4. Combination drugs
While taking a combination of two drugs may be easier, you should remember if you combine two drugs into one pill you are at risk for side effects of BOTH drugs.
Glucovance, (Glyburide + Metformin - maximum dose is 20/2000 mg)
- Glucovance needs to be discontinued up to 2 days after x-rays that require an iodine dye or some surgeries (because of the Metformin).
- You may experience low blood sugar (because of the Glyburide).
Metaglip, (Metformafin + Glipizide - maximum dose is 20/2000 mg)
- Metaglip needs to be discontinued up to 2 days after x-rays that require an iodine dye and some surgeries (because of the Metformin).
- You may experience low blood sugar (because of the Glipizide).

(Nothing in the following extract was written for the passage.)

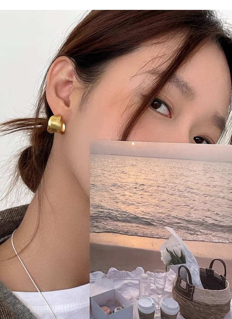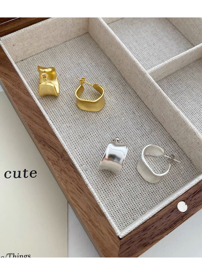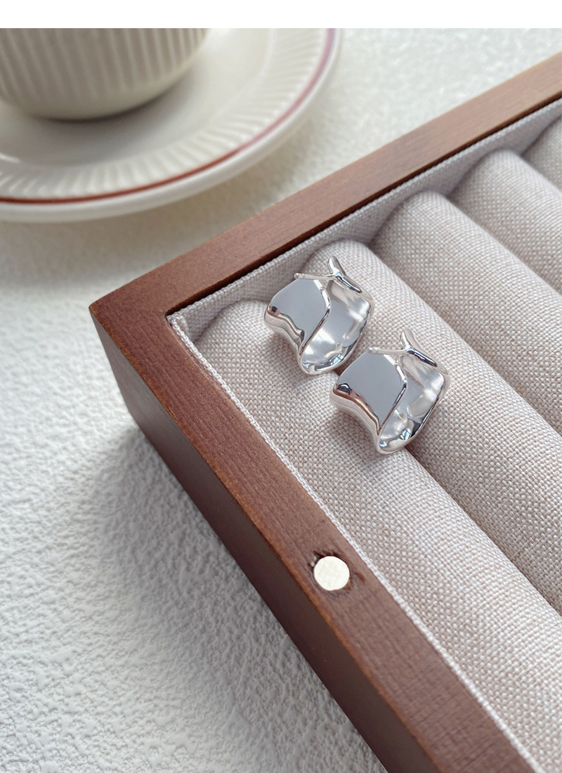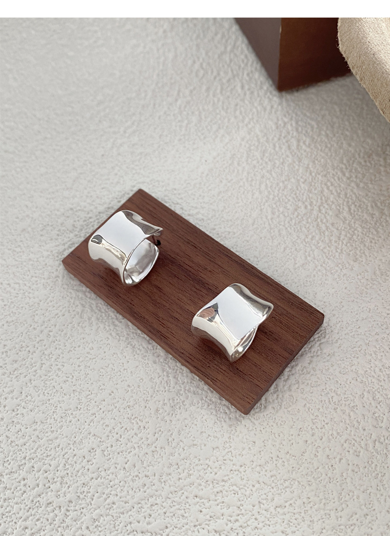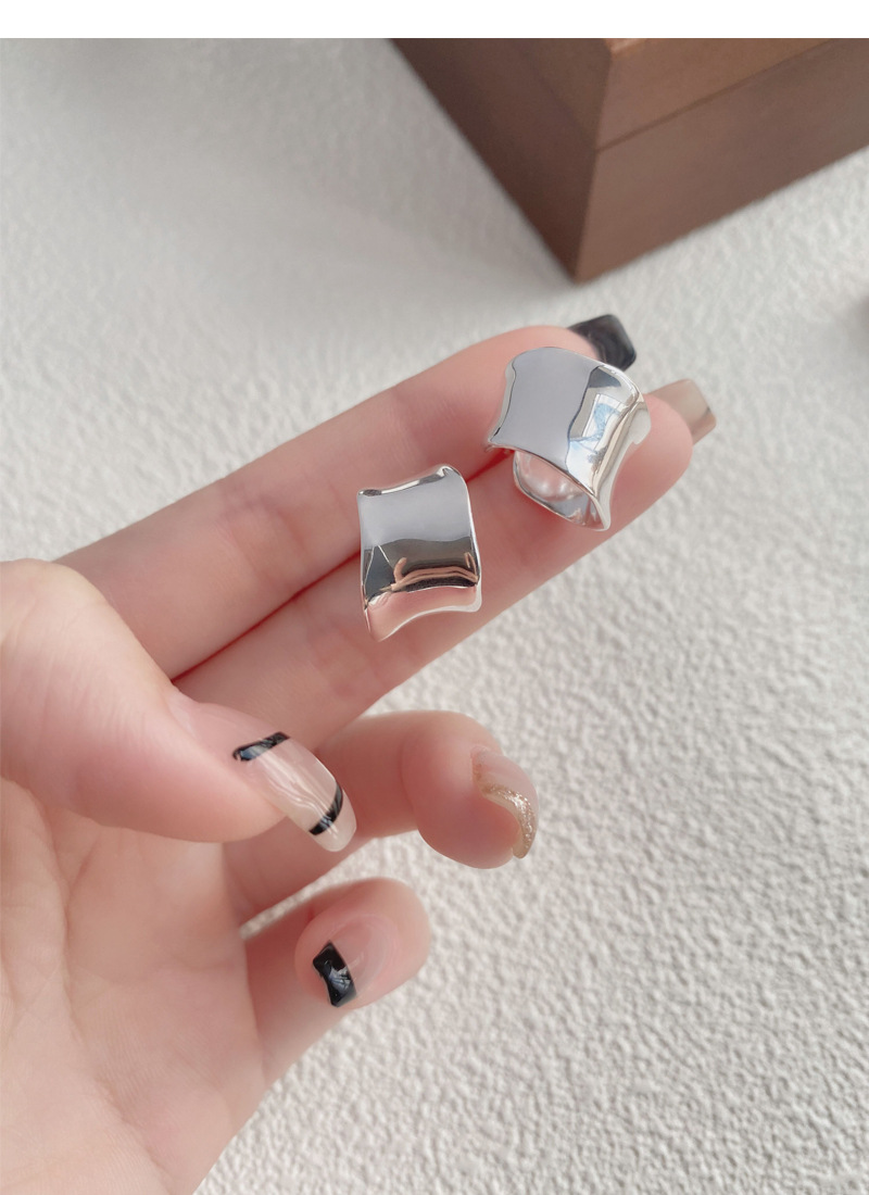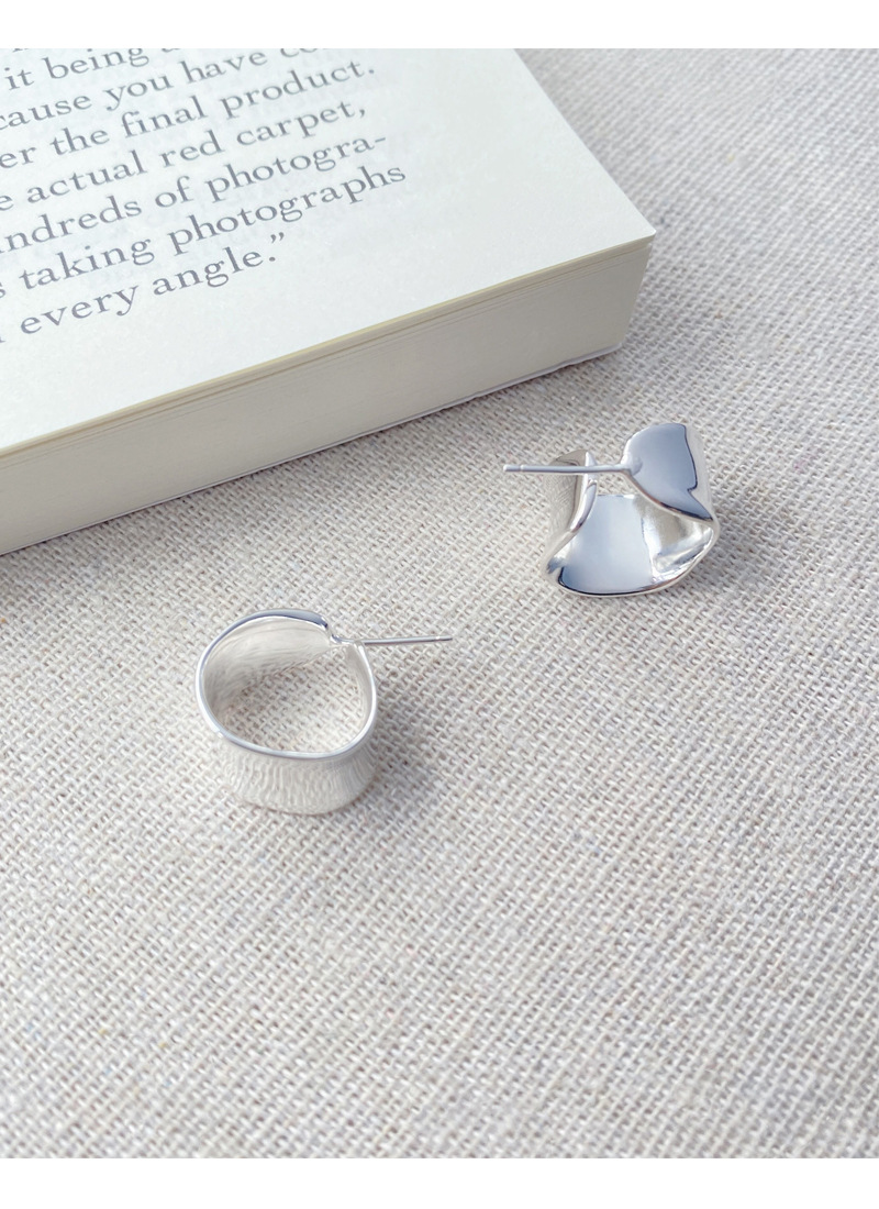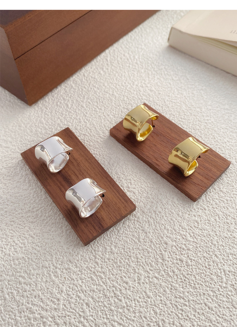 S925純銀重工不規則寬面弧形耳釘女生簡約輕奢耳環小眾日韓潮耳飾

Avandamet, (Avandia and Metformin - maximum dose is 8/2000 mg)
- Avandamet needs to be discontinued up to 2 days after x-rays that require an iodine dye and some surgeries (because of Metformin).
- Your health care provider will check your liver function before starting the medication, and will repeat the test every 2-3 months for the first year you are taking the medication, and periodically after that (because of Avandia).